Selective reporting of outcomes in clinical trials is common
Many investigators forget to report on prespecified trial outcomes or inform on non-prespecified outcomes
Editors could implement better quality control measures to prevent selective reporting of outcomes
Editors could use external groups of experts that could crosscheck the information of the manuscript with that of the registry or protocol
Any change (in outcomes or analysis) introduced during analysis of the data or the peer review process should be disclosed and defended with arguments in the article
Contributors and sources: JPAI and RD-R wrote the first drafts. ALC suggested further important changes. All authors approved the final version of the manuscript and are accountable for all aspects included in it. JPAI is the guarantor. The authors assume full responsibility for the accuracy and completeness of the ideas presented.

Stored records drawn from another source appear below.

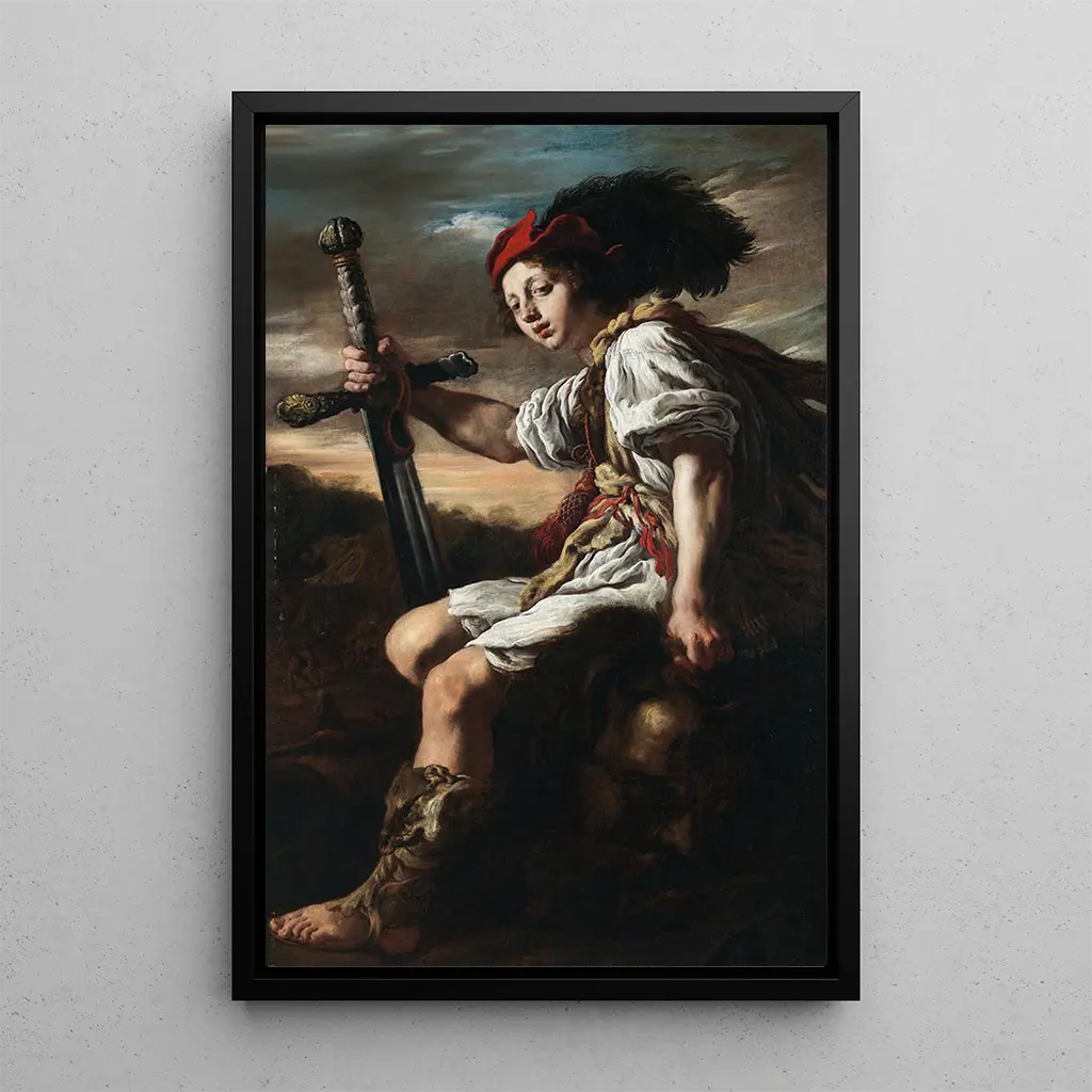 W tym uderzającym dziele Domenico Fetti uchwycił decydujący moment walki między Davidem a Goliatem. Dynamiczna kompozycja, z triumfującym Davidem, podkreślona jest żywymi kolorami i uderzającymi kontrastami. Drobne szczegóły odciętej głowy Goliata oraz wyraz dumy na twarzy Davida tworzą atmosferę jednocześnie dramatyczną i heroiczna. Technika Fettiego, łącząca clair-obscur i realizm, ożywia tę scenę biblijną, zachęcając widza do odczuwania intensywności tego historycznego momentu.
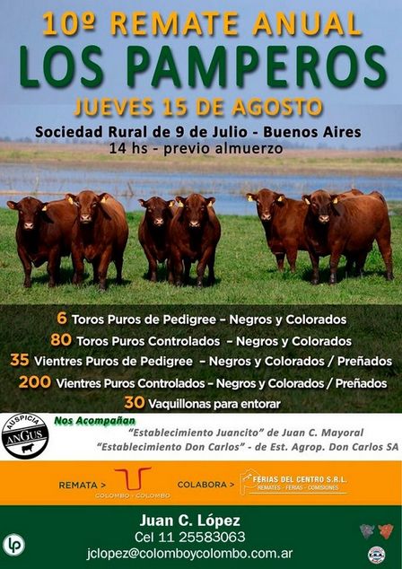 Consultas con el representante de Pigüé y zona: Juan C. López al cel 011-15-2558-3063 ó al mail Esta dirección de correo electrónico está siendo protegida contra los robots de spam. Necesita tener JavaScript habilitado para poder verlo..
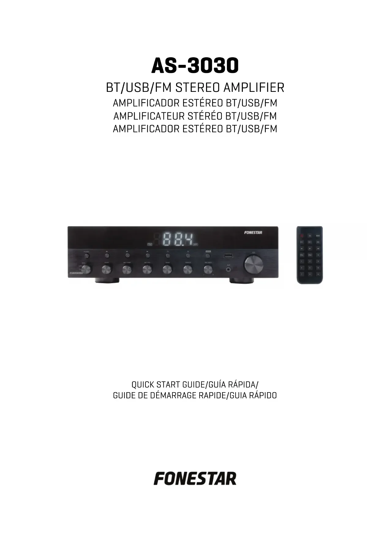 DÉCLARATION UE DE CONFORMITÉ SIMPLIFIÉE FONESTAR SISTEMAS S.A. déclare que le amplificateur stéréo AS-3030 est conforme à la Directive 2014/53/EU. Le texte compler de la déclaration UE de conformité se trouve disponible sur le site Internet suivant: fonestar.com/ES/AS-3030

Funding: This work was not supported by any external grants or funds.
Competing interests: All authors have completed the unified competing interest form at www.icmje.org/coi_disclosure.pdf (available on request from the corresponding author) and declare that have neither financial nor non-financial interests that may be relevant to the submitted work. AC is the non-voting, non-paid chairperson of the Compassionate Use Advisory Committee, a panel of internationally recognised medical experts, bioethicists, and patient representatives formed by NYU School of Medicine, which advises Janssen about requests for compassionate use of its investigational medicines.
Provenance and peer review: Not commissioned; externally peer reviewed.